Uncategorized

Wireless Capturing of UL OFDMA

gjermundraaen15 Comments

The process of wireless capturing of 802.11ax OFDMA-frames has evolved. The newest step, for me, is to capture the UL OFDMA frames.

I use the NVIDIA Jetson Nano developer kit with the Intel AX200 NIC for wireless capturing and I have earlier showed how to capture:

  • Single-user 802.11 in this blog
    • But Francois Verges has developed this method, see his blog
  • Multi-user frames during DL OFDMA in this blog
  • UL OFDMA without capturing the data frames in this blog

The next step is to capture the data frames during UL OFDMA. These frames are sent in a format called trigger-based frame format (HE TB PPDU). I have explained how the RF looks like during UL OFDMA in this blog.

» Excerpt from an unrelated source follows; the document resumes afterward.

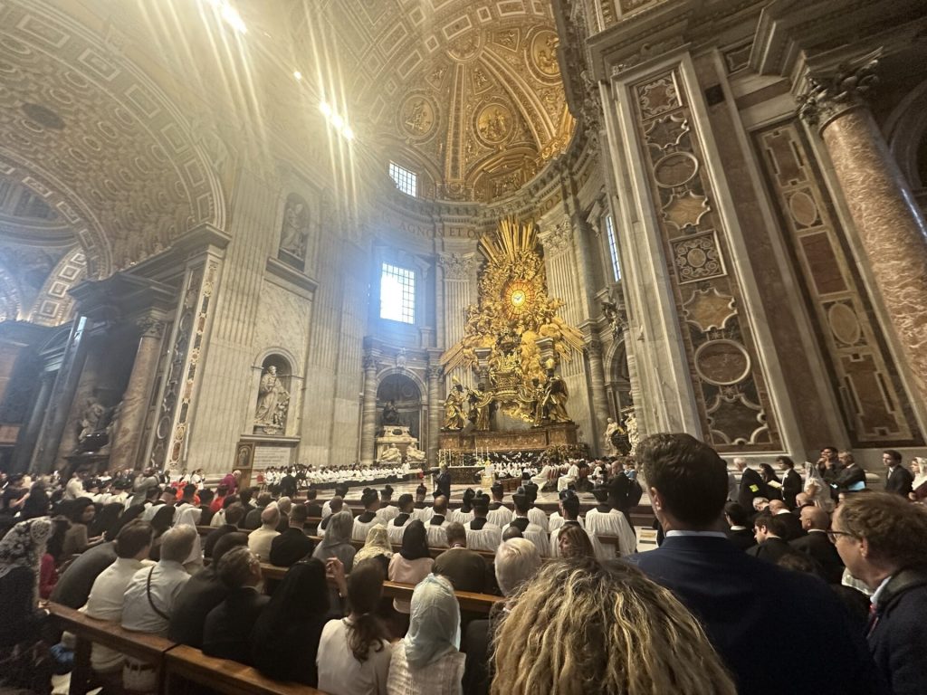 As novecentas cadeiras preparadas mostraram-se insuficientes para uma população três ou quatro vezes mais numerosa, composta de homens e mulheres, jovens e velhos, que vieram de todo o mundo. O evento tornou-se extraordinário pelo próprio lugar onde aconteceu: uma cenografia única no mundo, onde arquitetura, escultura, teologia e história se entrelaçam para tornar visível a missão da Igreja e do Papado: preservar a fé e transmiti-la ao longo dos séculos.
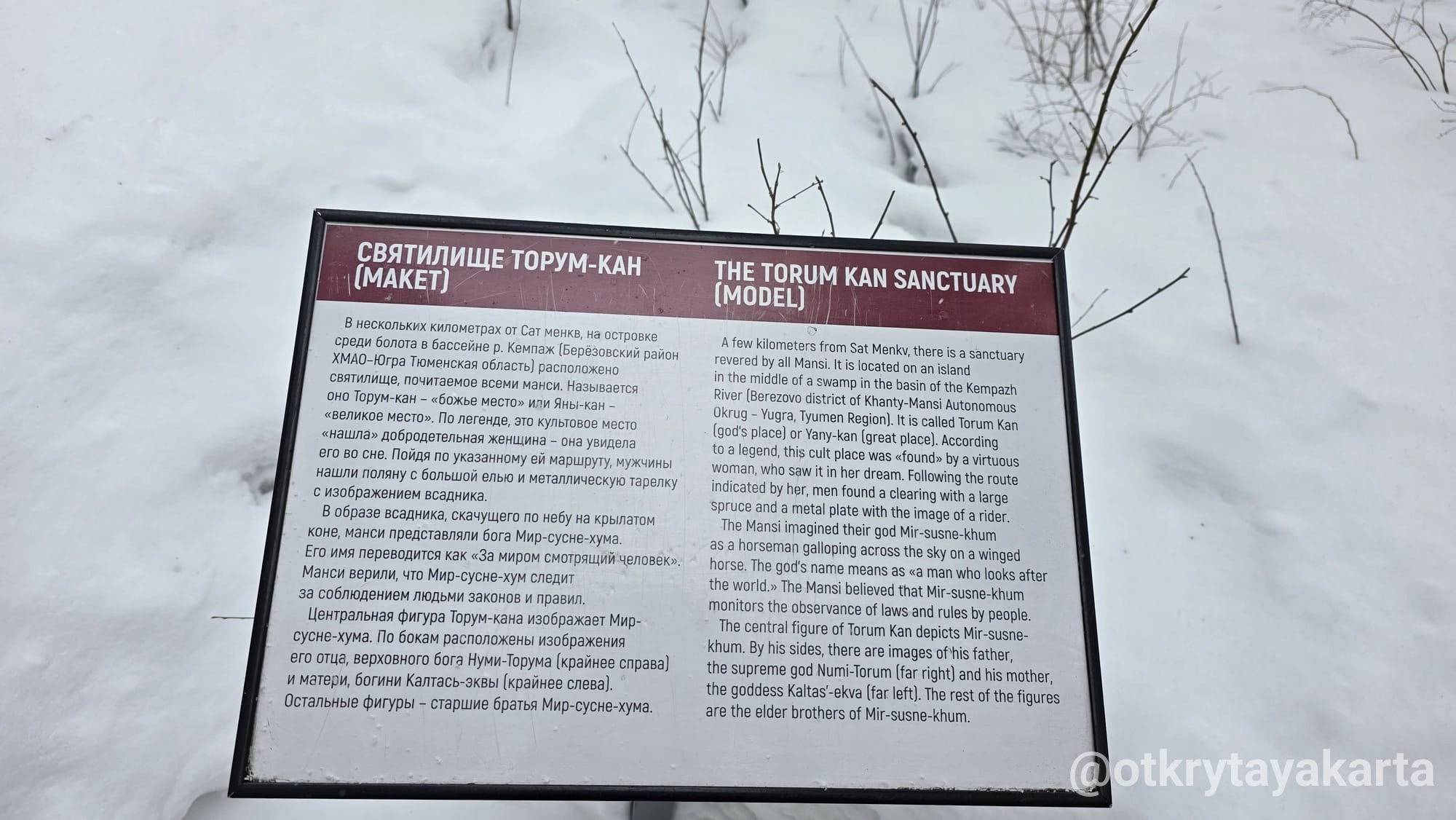 Особое место — святилища Луски-ойки и Торум-кан. В еловом бору реконструирован семигранный сумьях, заполненный платками с монетами в углах. Каждый узелок — просьба, каждая монета — плата духам за помощь.

The key moment for capturing these frames is to capture the preceding Basic Trigger frame, sent from the AP. This Basic Trigger frame tells the stations in the BSS which station who can send its data and in what shape (resource unit, MCS, spatial stream and for how long). This is explained in these blogs (Basic Trigger frame and LENGTH).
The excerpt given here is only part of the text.